In this experiment, the light guide plate had a thickness of 1 mm, and a material with a refractive index of 1.5 was used. Additionally, the size of the first light source was set to 1x1 mm, the refractive index of the first light incident portion 210a was 1.67, and its thickness was set to 1 mm. The total bezel area is equivalent to 10mm.

In this structure, as shown in Figures 8b and 8c, the light traveling through the light guide plate has a peak at 0° with respect to the center of the light source and has a full width at half maximum (FWHM) of 18°, from -9° to +9° from the center of the light source. has a luminance of 50% or more of the peak luminance. That is, when only the first light source is driven, parallel light propagates selectively only in some areas of the first light incident portion 210a, and light is guided in the light guide plate to follow this light propagation characteristic, so that the light is emitted in the form of semi-collimation, Therefore, it is possible to implement privacy mode.

9A to 9C are perspective views showing a wedge-shaped coupler in a region that is turned on in the privacy mode of the viewing mode control optical coupler of the present invention, a wide viewing angle characteristic thereof, and a graph showing luminance characteristics by angle.

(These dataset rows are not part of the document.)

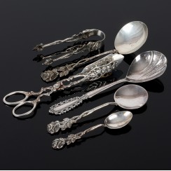 289305 - Щипцы для сахара, 14 гр, 830 пр, 8,3 см 371265 - Сервировочная лопатка, 16 гр, 830 пр, 12,3см 313500 - Сервировочная или обеденная ложка, 43 гр, 830 пр, лом 204642 - Ситечко, 58 гр, 830 пр, 17 см, размеры черпака 5,6 х 3,7 см 344686 - Солонка со стеклянной вставкой и ложкой, общий вес без стекла 35 гр, 830 пр 373023 - Кольцо для салфеток, 17 гр, 830 пр, высота 3,7 см, диаметр 4,5 см,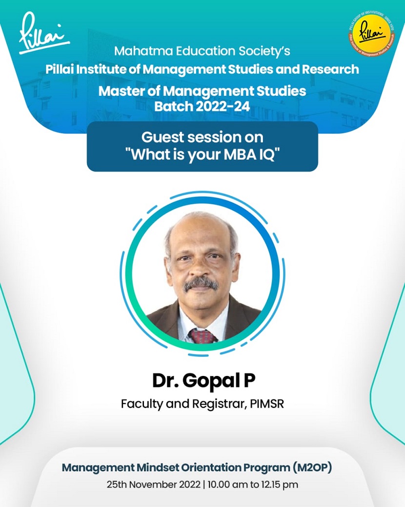 Prof. Gopal is the Registrar of Pillai Institute of Management Studies and Research and an entrepreneur. Prof. Gopal defined MBA IQ as the cognitive abilities that are necessary to excel in a MMS program. While the MMS program covers a wide range of subjects, including finance, marketing, and management, MMS IQ is not specific to any of these areas. Instead, it encompasses a broad set of skills, such as critical thinking, problem-solving and analytical reasoning, that are crucial for success in business. MMS IQ is also closely linked to emotional intelligence, which involves the ability to understand and manage one’s emotions, as well as those of others. While a high MBA IQ can be beneficial in many areas of business, it is not the only factor that contributes to success. Other factors, such as practical experience, networking and communication skills, are also important for achieving career goals in the business world.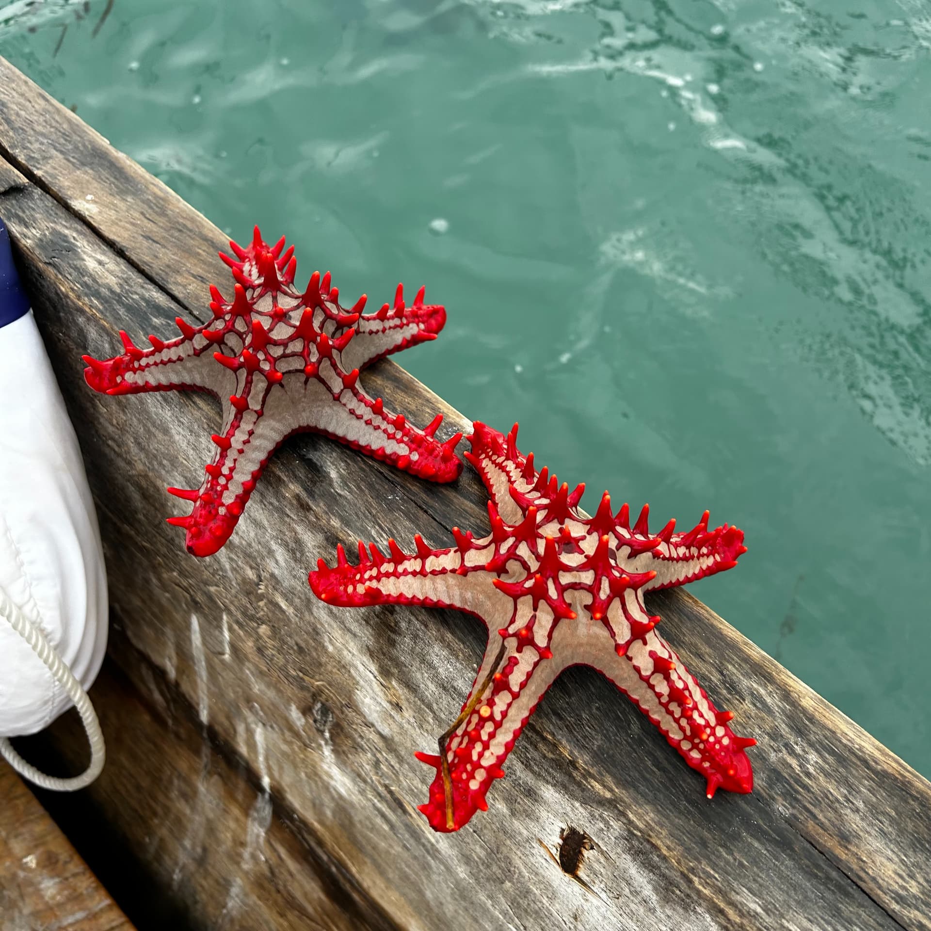 我们在小红书上认识了在桑给巴尔工作的杨哥,热爱户外运动的他外派桑给巴尔之后学会了自由潜,然后开展了陪同中国游客追海豚+抓海星+拍照的副业。他带着我们玩了一天,出海追了海豚(90%的概率能追到,然而我们那天天降暴雨沦为10%),在巨浪里浮潜(珊瑚还是很不错的)以及坐当地人的帆船出海抓海星。杨哥人非常nice,一路上分享了很多在桑给巴尔生活的趣事,中午吃饭的时候还跟我们找了个当地resort一起打乒乓球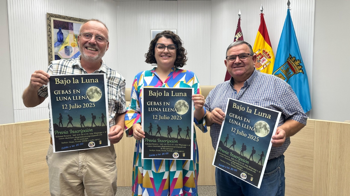 La concejala de Pedanías, Alicia Martínez, ha presentado una nueva edición de la actividad senderista “Gebas en luna llena”, acompañada por Diego Crespo, presidente de la Asociación de Vecinos de Gebas, y Paul Stratford, alcalde pedáneo.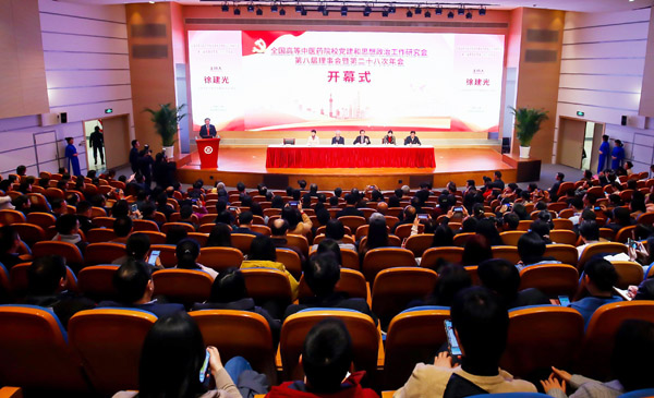 12月26日至28日,全国高等中医药院校党建和思想政治工作研究会第八届理事会暨第二十八次年会在sunbet申搏官方网站召开,来自全国26所高等中医药院校的党委书记、党务部门负责人、党组织负责人、研究会理事和获奖代表等300余人相聚一堂,聚焦坚持党对教育工作的全面领导、紧抓立德树人根本任务及思政工作生命线、全面提高基层党建质量等主题开展深入交流研讨。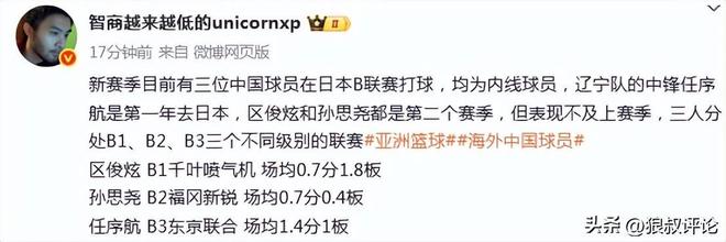 北京时间10月21日,根据媒体人“王健”的报道,新赛季目前有三位中国球员在日本B联赛打球,均为内线球员,辽宁队的中锋任序航是第一年去日本,区俊炫和孙思尧都是第二个赛季,但表现不及上赛季,三人分处B1、B2、B3三个不同级别的联赛。新赛季三人表现则是颇为惨淡,具体如下:区俊炫 B1千叶喷气机 场均0.7分1.8板孙思尧 B2福冈新锐 场均0.7分0.4板任序航 B3东京联合 场均1.4分1板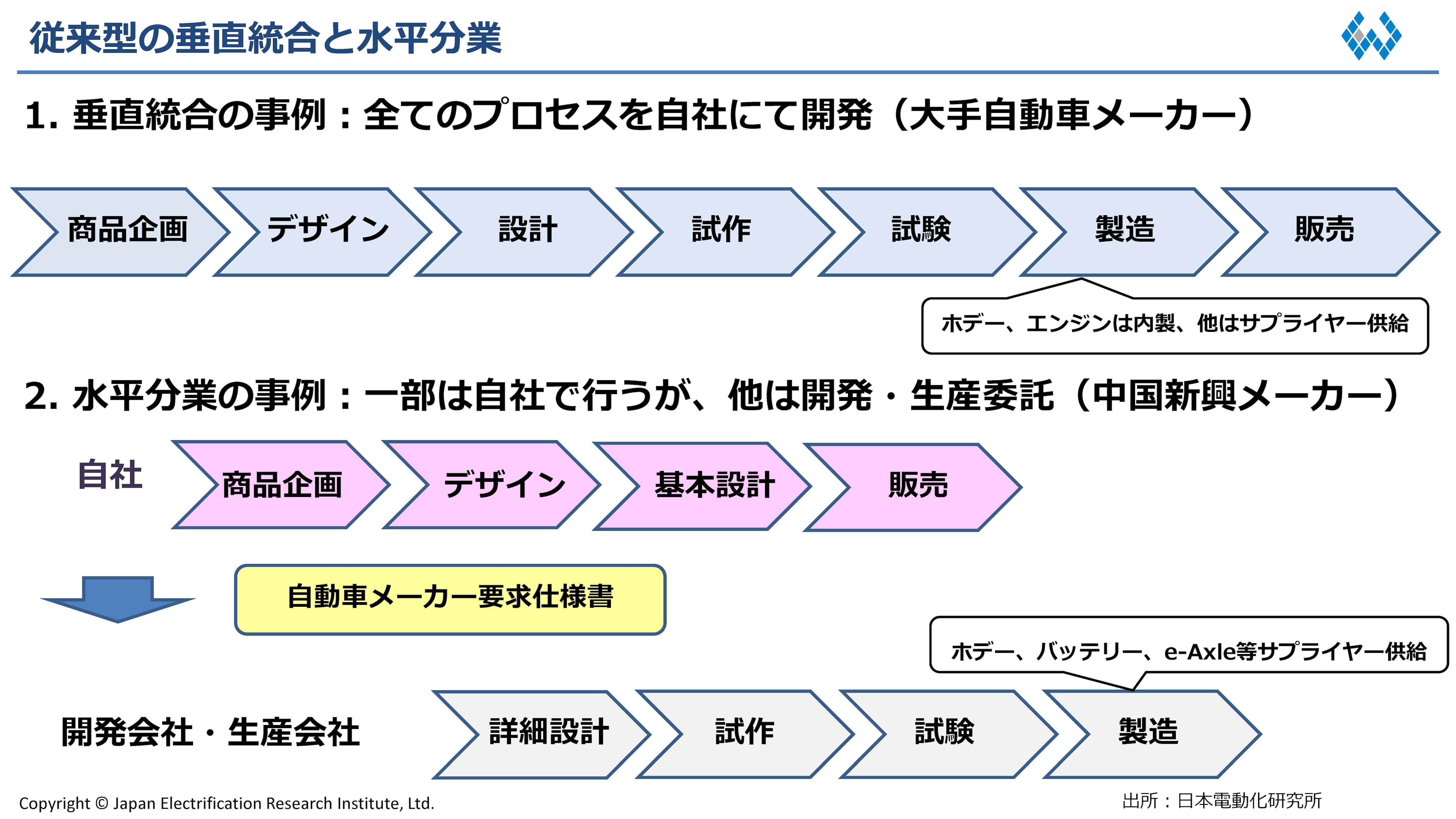 図2 従来型の垂直統合と水平分業 (出所:日本電動化研究所)拡大画像表示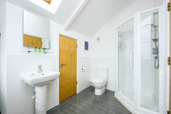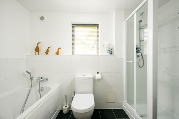 To your left, discover a family bathroom, complete with a rejuvenating shower and a deep inviting bathtub – ideal for washing away the day’s lake adventures.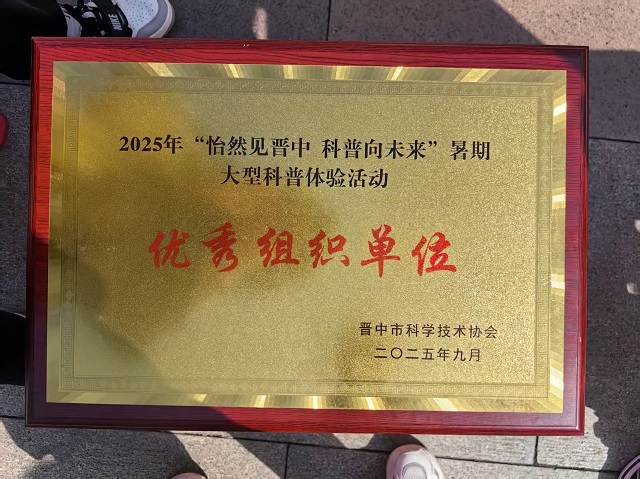 榆社县古生物化石地质公园荣获2025年“怡然见晋中 科普向未来”暑期大型科普体验活动优秀单位组织奖。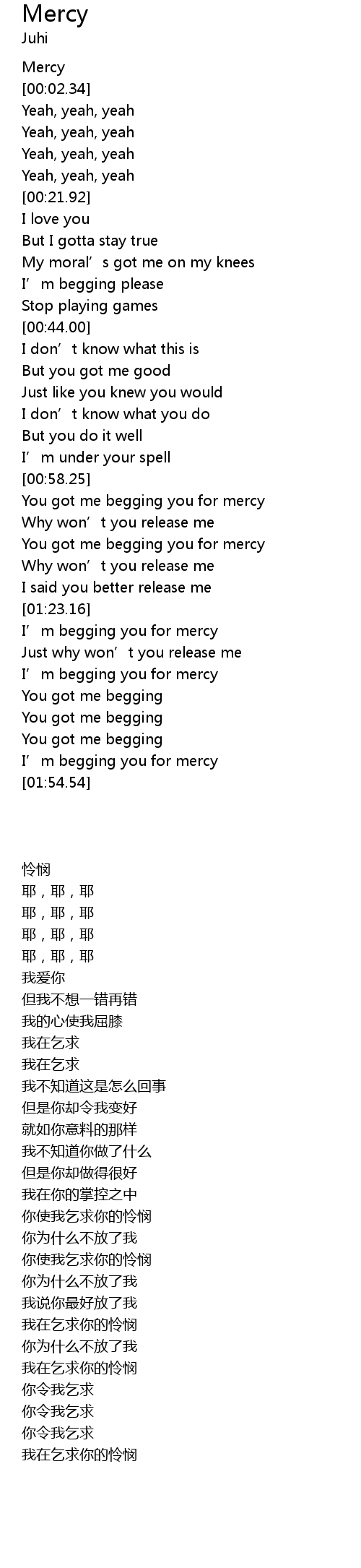 | [01:44.89] | I’m begging you for mercy |

9A, in the optical coupler for viewing mode control according to the above-described first to fourth embodiments, a case in which only the second light source 120 is selectively turned on is schematically shown, and the second light source 120 is in contact with the second light source 120. Since the first light incident part 210a between the third light incident part 300 or 310 is commonly used as a light guiding member, it is shown as integrated with the light guide plate.

In this case, as shown in FIGS. 9B and 9C, there are two peaks at an angle of ±14° from the center of the second light source, and their half width angles are each 13°, relatively compared to the results of FIGS. 8A to 8C. , the range of the emission angle from the optical coupler to the light guide plate is increased, making it possible to implement a wide viewing angle.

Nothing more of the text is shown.